Operating in an Era of Persistent Unmanned Aerial Surveillance

Fri, 07/31/2015 - 9:48am

Operating in an Era of Persistent Unmanned Aerial Surveillance

William Selby


In the year 2000, the United States military used Unmanned Aerial Systems (UASs) strictly for surveillance purposes and the global commercial UAS market was nascent. Today, the combination of countries exporting complex UAS technologies and an expanding commercial UAS market advances the spread of UAS technologies outside of U.S. government control. The propagation of this technology from both the commercial and military sectors will increase the risk of sophisticated UASs becoming available to any individual or group, regardless of their intent or financial resources. Current and future adversaries, including non-state actors, are likely to acquire and integrate UASs into their operations against U.S. forces.
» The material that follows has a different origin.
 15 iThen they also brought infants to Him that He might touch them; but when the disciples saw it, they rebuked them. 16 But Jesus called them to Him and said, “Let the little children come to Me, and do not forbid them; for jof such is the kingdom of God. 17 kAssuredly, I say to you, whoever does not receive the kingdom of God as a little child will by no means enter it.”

However, U.S. forces can reduce the advantages of abundant UAS capability by limiting the massing of resources and by conducting distributed operations with smaller maneuver elements.
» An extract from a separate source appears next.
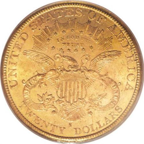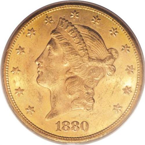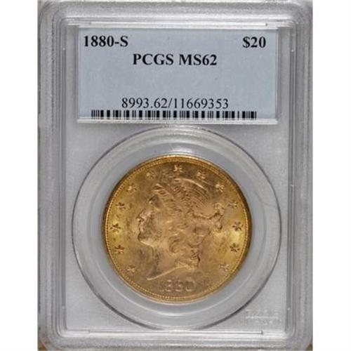 <B>1880-S $20 MS62 PCGS.</B></I> Well struck with semi-prooflike fields that show just a slight degree of cloudiness. Both sides of the piece have a mildly scuffy appearance that limits the grade. The '80-S is a conditionally scarce issue in Mint State, despite its substantial mintage of 836,000 coins. Only twelve examples have been graded finer than MS62, by PCGS and NGC combined (6/07). <BR><BR><b>Shipping:</b> Coins & Currency (<a target="_blank" href="http://www.heritageauctions.com/common/shipping.php">view shipping information</a>)

Leveraging the Growth in the Commercial UAS Market

While armed UAS operations are only associated with the U.S., UK, and Israel, other countries with less restrictive export controls are independently developing their own armed UAS systems.[i] Chinese companies continue to develop reconnaissance and armed UASs for export to emerging foreign markets.[ii],[iii] Earlier this year, social media reports identified a Chinese CH-3 after it crashed in Nigeria.[iv] Reports indicate China sold the system to the Nigerian government for use against Boko Haram.[v] Other countries including Pakistan and Iran organically developed armed UAS capabilities, with claims of varying levels of credibility.[vi],[vii] In an effort to capitalize on the international UAS market and to build relationships with allies, the U.S. eased UAS export restrictions in early 2015 while announcing the sale of armed UASs to the Netherlands.[viii],[ix] Military UAS development is expected to be relatively limited, with less than 0.5 percent of expected future global defense spending slated to buying or developing military drones.[x] For now, long range surveillance and attack UASs are likely to remain restricted to the few wealthy and technologically advanced countries that can afford the research costs, training, and logistical support associated with such systems.[xi] However, short range military or civilian UASs are likely to be acquired by non-state actors primarily for surveillance purposes.

Still captured from an ISIS documentary with footage shot from a UAS over the Iraqi city of Falluja (

Hamas, Hezbollah, Libyan militants, and ISIS are reportedly using commercial UASs to provide surveillance support for their military operations.[xii],[xiii],[xiv],[xv],[xvi],[xvii],[xviii] Current models contain onboard GPS receivers for autonomous navigation and a video transmission or recording system that allows the operators to collect live video for a few thousand dollars or less. Small UASs, similar in size to the U.S. military’s Group 1 UASs, appeal to non-state actors for several reasons. Namely, they are inexpensive to acquire, can be easily purchased in the civilian market, and are simple to maintain. Some systems can be operated with very little assembly or training, which reduces the need for substantial technical knowledge and enables non-state actors to immediately integrate them into daily operations. These UASs are capable of targeting restricted areas as evidenced by the recent UAS activity near the White House, French nuclear power plants, and the Japanese Prime Minister’s roof.[xix],[xx],[xxi],[xxii] The small size and agility of these UASs allow them to evade traditional air defense systems yet specific counter UAS systems are beginning to show progress beyond the prototype phase.[xxiii],[xxiv]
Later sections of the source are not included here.